Bailey Thomas is averaging 7.9 points in 16 games as part of a balanced offense for the Bulldogs. The 5-foot-9-inch West Virginia signee played point guard for most of her high school career before moving off the ball this season for Centennial.

She made seven 3-pointers and had 25 points in the Bulldogs’ 89-49 victory over defending Division I-A state champion Spring Valley last week.

“I think it’s really helping me for college to develop more parts of my game,” Bailey Thomas said. “I think it’s going to help me be more well-rounded.”

Samantha Thomas is a matchup nightmare for opposing teams, as the 6-foot wing has a soft shooting touch out to the 3-point line and can score down low. She is averaging 14.6 points and is a three-star prospect in the class of 2017, according to ESPN’s Hoop Gurlz’s rankings.

“I see myself as versatile. Wherever coach needs me to be, that’s what I’m going to do,” Samantha Thomas said. “I like to do the dirty work, like get in there and get rebounds, go against everybody.

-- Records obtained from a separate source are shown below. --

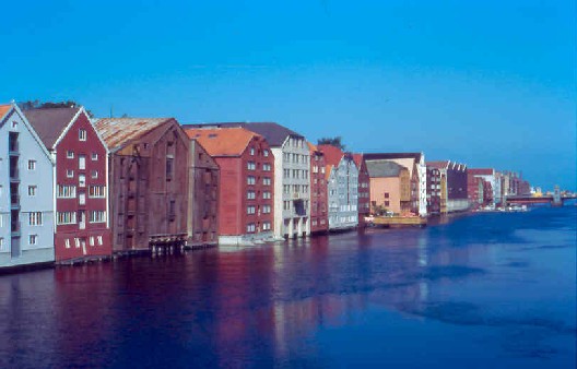 questo e' il banco di prova delle nuove generazioni di climber norvegesi, e da queste parti c' e' anche qualche pazzo scatenato che pratica un' attivita' chiamata "sky-diving", che consiste nel gettarsi nel vuoto dalla sommita' degli strapiombi, muniti di paracadute. Ogni tanto pero' il paracadute non si apre, e qualcuno si schianta; e' per questo che lo "sky-diving" e' stato vietato, ma va detto che i "divers" non tengono in gran considerazione i divieti. Trondheim: Nella tappa successiva raggiungiamo Trondheim, che fu antica capitale norvegese ed e' tuttora una delle citta' principali del paese. E' il punto piu' a nord del nostro viaggio, e anche se ormai siamo in agosto inoltrato le notti sono ancora incredibilmente brevi e chiare, alla sera c' e' una luce diffusa fino a dopo le 11. |
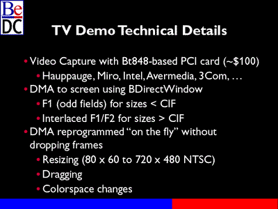 We're DMA'ing directly to the screen into a BDirectWindow. The DMA program is actually handling clipping so that you can move other windows on top of the video window with clipping handled properly. There are no strange artifacts on the screen as you move your window around.
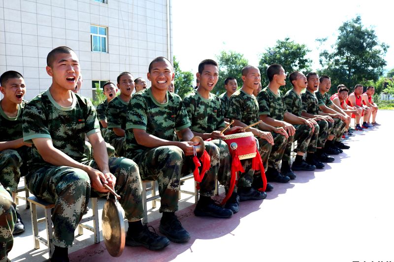 武警平涼市森林支隊官兵現場擊鼓吶喊
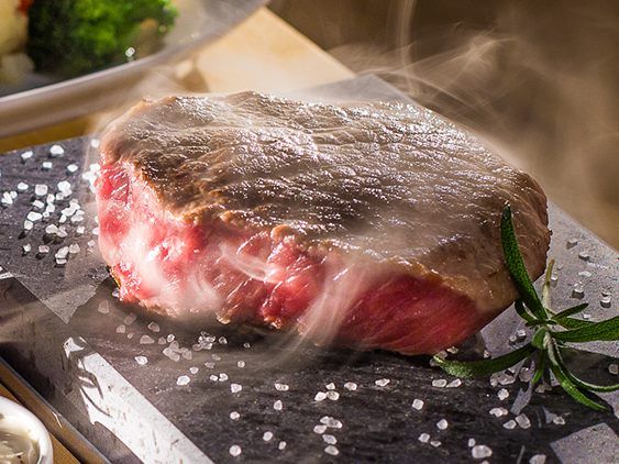 Gegrillt wird am Tisch – Der „HOT STONE“ - Täglich ab 18 Uhr wird bei Bestellung eines Filet Lady’s Cut oder Rib Eye Steak direkt am Tisch gegrillt. Der heiße Stein wird im Backofen bei einer Temperatur von 350 Grad Celsius vorgeheizt. Die Hitze wird im Stein gespeichert, die kontinuierliche und gleichmäßige Abgabe der Wärme garantiert einen fettarmen Bratvorgang und ein perfektes Grillerlebnis.

But this year, she’s transitioning me into becoming a shooter and a driver.”

Weitz, who praised the sisters’ basketball IQ and work ethic, said she requested to be placed in the top bracket at last month’s Nike Tournament of Champions, and the Bulldogs went 3-1. Their only loss came to Riverdale Baptist (Tenn.), which is ranked No. 2 by USA Today.

Centennial already owns a convincing 91-56 victory over Reno, the Northern Region favorite — Samantha Thomas got the better of her matchup with reigning state player of the year Mallory McGwire, as she had 31 points and six rebounds in the win — and the Bulldogs have had a running clock in 11 of their 17 games this season.

Centennial’s next big test comes Feb. 5 against Mater Dei (Calif.) before its inevitable matchup with Bishop Gorman in the Sunset Region tournament.

“A lot of the players we had coming back were good players, but I think Sam and Bailey have also elevated their games, because they’ve come in, they’ve provided that competition,” Weitz said. “They’ve fought and they’ve earned and worked themselves into starting spots, so, therefore, maybe people that started last year or had more minutes last year have really had to elevate and pick up their game, which I think in turn has made our whole team better.”